Риндо взглянул на меня с любопытством, и от этого пронизывающего, затрагивающего все фибры души взгляда мне захотелось крикнуть, что он и есть моя мечта, но я сказала про свою первую и до сих пор неисполненную.
— Это звучит глупо, — я прикрыла глаза и зачесала волосы назад, понимая, что по лицу растянулась улыбка смущения. — Я всегда мечтала стать человеком.
Наступила теперь удушающая тишина, не похожая на одну из прошлых, от которой хотелось скрыться в самой глубине океана, что я бы, наверное, и сделала, если бы вскоре Риндо её не разрушил.
— Жаль, она несбыточная, — его голос был таким же твёрдым и уверенным, как всегда, а взгляд направлен вперёд на отпрыгивающие от воды плоские камни, но не на меня.
А я так хотела, чтобы Риндо смотрел на меня...
— Сбыточная, но не для меня, — как бы невзначай произнесла я, вспомнив давнюю легенду, о которой мне рассказывала мама в далёком детстве. И Риндо, ухватившись за эту короткую фразу, практически силой вытащил из меня продолжение. — В океане есть легенда, в которой говорится, что для превращения достаточно поцелуя человека, испытывающего искреннюю любовь к желающей обратиться русалке. Но любовь должна быть взаимной.
Я пробормотала это так быстро, как только смогла, и сразу же после этого мне захотелось скрыться куда подальше, будто сделала что-то постыдное. А после задумчивого взгляда Риндо я уже была готова это сделать.
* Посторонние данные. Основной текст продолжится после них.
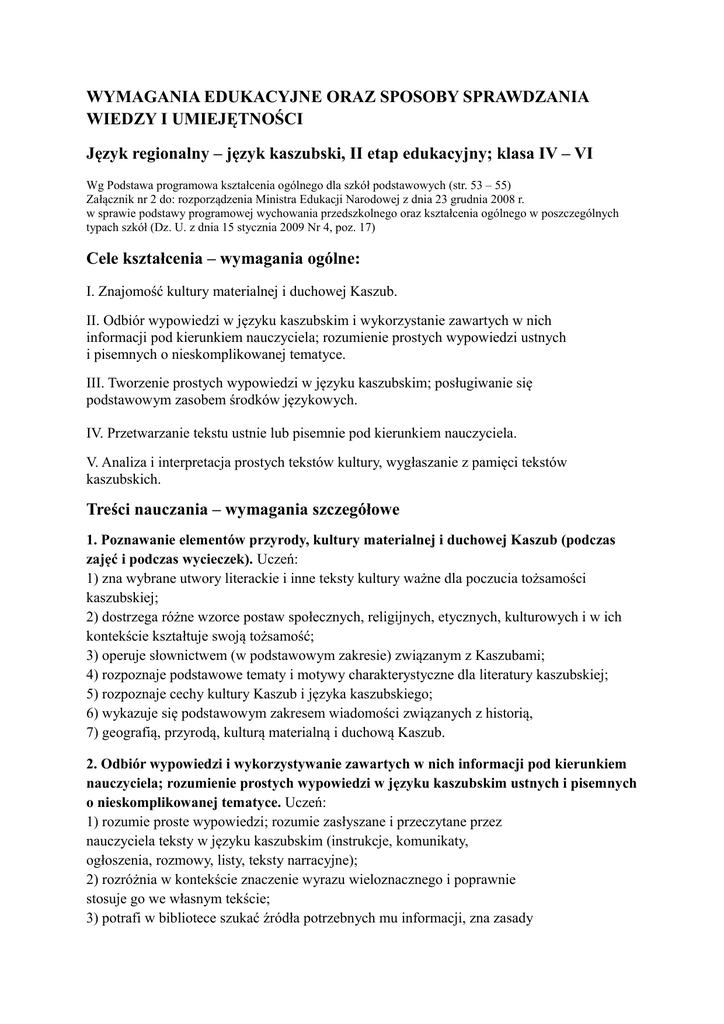 WYMAGANIA EDUKACYJNE ORAZ SPOSOBY SPRAWDZANIA WIEDZY I UMIEJĘTNOŚCI Język regionalny – język kaszubski, II etap edukacyjny; klasa IV – VI Wg Podstawa programowa kształcenia ogólnego dla szkół podstawowych (str. 53 – 55) Załącznik nr 2 do: rozporządzenia Ministra Edukacji Narodowej z dnia 23 grudnia 2008 r. w sprawie podstawy programowej wychowania przedszkolnego oraz kształcenia ogólnego w poszczególnych typach szkół (Dz. U. z dnia 15 stycznia 2009 Nr 4, poz. 17) Cele kształcenia – wymagania ogólne: I. Znajomość kultury materialnej i duchowej Kaszub. II. Odbiór wypowiedzi w języku kaszubskim i wykorzystanie zawartych w nich informacji pod kierunkiem nauczyciela; rozumienie prostych wypowiedzi ustnych i pisemnych o nieskomplikowanej tematyce. III. Tworzenie prostych wypowiedzi w języku kaszubskim; posługiwanie się podstawowym zasobem środków językowych. IV. Przetwarzanie tekstu ustnie lub pisemnie pod kierunkiem nauczyciela. V. Analiza i interpretacja prostych tekstów kultury, wygłaszanie z pamięci tekstów kaszubskich. Treści nauczania – wymagania szczegółowe 1. Poznawanie elementów przyrody, kultury materialnej i duchowej Kaszub (podczas zajęć i podczas wycieczek). Uczeń: 1) zna wybrane utwory literackie i inne teksty kultury ważne dla poczucia tożsamości kaszubskiej; 2) dostrzega różne wzorce postaw społecznych, religijnych, etycznych, kulturowych i w ich kontekście kształtuje swoją tożsamość; 3) operuje słownictwem (w podstawowym zakresie) związanym z Kaszubami; 4) rozpoznaje podstawowe tematy i motywy charakterystyczne dla literatury kaszubskiej; 5) rozpoznaje cechy kultury Kaszub i języka kaszubskiego; 6) wykazuje się podstawowym zakresem wiadomości związanych z historią, 7) geografią, przyrodą, kulturą materialną i duchową Kaszub. 2. Odbiór wypowiedzi i wykorzystywanie zawartych w nich informacji pod kierunkiem nauczyciela; rozumienie prostych wypowiedzi w języku kaszubskim ustnych i pisemnych o nieskomplikowanej tematyce. Uczeń: 1) rozumie proste wypowiedzi; rozumie zasłyszane i przeczytane przez nauczyciela teksty w języku kaszubskim (instrukcje, komunikaty, ogłoszenia, rozmowy, listy, teksty narracyjne); 2) rozróżnia w kontekście znaczenie wyrazu wieloznacznego i poprawnie stosuje go we własnym tekście; 3) potrafi w bibliotece szukać źródła potrzebnych mu informacji, zna zasady korzystania z zasobów bibliotecznych; 4) rozpoznaje typowe rodzaje wypowiedzi i ich intencje; 5) wyszukuje w wypowiedzi potrzebne informacje oraz potrafi zacytować odpowiednie fragmenty tekstu; 6) korzysta ze słowników, zarówno w formie książkowej, jak i elektronicznej; 7) odbiera komunikat przekazany za pomocą środków audiowizualnych. 3. Powtarzanie słów i tworzenie prostych wypowiedzi w języku kaszubskim; posługiwanie się podstawowym zasobem środków językowych. Uczeń: 1) tworzy krótkie i zrozumiałe wypowiedzi w języku kaszubskim; 2) stosuje proste strategie kompensacyjne w przypadku, gdy nie zna lub nie pamięta jakiegoś wyrazu; 3) reaguje zgodnie z intencją mówiącego; 4) uzyskuje i przekazuje proste informacje; 5) posługuje się literacką i potoczną odmianą języka kaszubskiego dotyczącą prostych sytuacji życiowych i tematów poruszanych w czytanych tekstach; 6) tworzy krótkie wypowiedzi pisemne i dostosowuje odmianę i styl wypowiedzi do gatunku, w którym się wypowiada; 7) tworzy plan własnej wypowiedzi; 8) streszcza ustnie prosty utwór; 9) operuje podstawowym słownictwem z kręgów tematycznych: region i Polska, Europa; 10) rozpoznaje i dobiera synonimy dla wyrażenia zamierzonych treści; 11) stosuje w miarę poprawnie formy odmiany części mowy; 12) w miarę możliwości, potrzeb i umiejętności posługuje się edytorami tekstu w języku kaszubskim. 4. Przetwarzanie tekstu ustnie lub pisemnie pod kierunkiem nauczyciela. Uczeń: 1) przekazuje w języku kaszubskim prostą informację usłyszaną lub przeczytaną w innym języku; 2) przekazuje w języku kaszubskim proste informacje zawarte w materiałach wizualnych (wykresach, mapach, symbolach, piktogramach); 3) przekazuje w języku polskim główne myśli lub wybrane informacje z tekstu w języku kaszubskim. 5. Analiza i interpretacja prostych tekstów kultury, wygłaszanie z pamięci kaszubskich tekstów. Uczeń: 1) rozpoznaje i charakteryzuje gatunki literackie omawiane na zajęciach oraz przypisuje do nich konkretne utwory; 2) określa problematykę utworu; 3) charakteryzuje w utworze podmiot liryczny oraz narratora; 4) recytuje wybrane kaszubskie utwory literackie w całości lub we fragmentach; 5) rozpoznaje różne sposoby pokazywania świata przedstawionego: realizm, fantastykę.

Он меня не любил, как девушку, это было видно по его отстранённости и частой холодности.
Он считал меня кем-то вроде друга или же просто той, с кем ему было интересно проводить время, отвлекаясь от тёмной рутины, в то время как я уже давно грезила о совместной жизни с ним в роли любимого человека.
В тот день я окончательно убедилась, что мои чувства не взаимны, раз он даже не удосужился что-то ответить на мой рассказ и одарить взглядом, пока я глядела на него неотрывно, желая увидеть в отражении его аметистовых глаз свои голубые. Но не увидела. Он так и не взглянул на меня, продолжая крутить в руке камень и смотреть на горизонт, который я уже начинала ненавидеть и в то же время мечтать самой стать горизонтом, чтобы хоть так Риндо на меня смотрел.
В тот день я, больше не сказав ни слова, вернулась в море так быстро, что он не успел бы среагировать, даже если бы захотел.
В тот день я пообещала себе, что он меня больше не увидит. Но не видеть его я себе пообещать не смогла.
***
Я не видел её уже несколько недель, и разлука была схожа с ломкой от наркотических веществ, словно мои суставы выворачивало, а внутренности скручивало от самой мысли, что Виты нет рядом.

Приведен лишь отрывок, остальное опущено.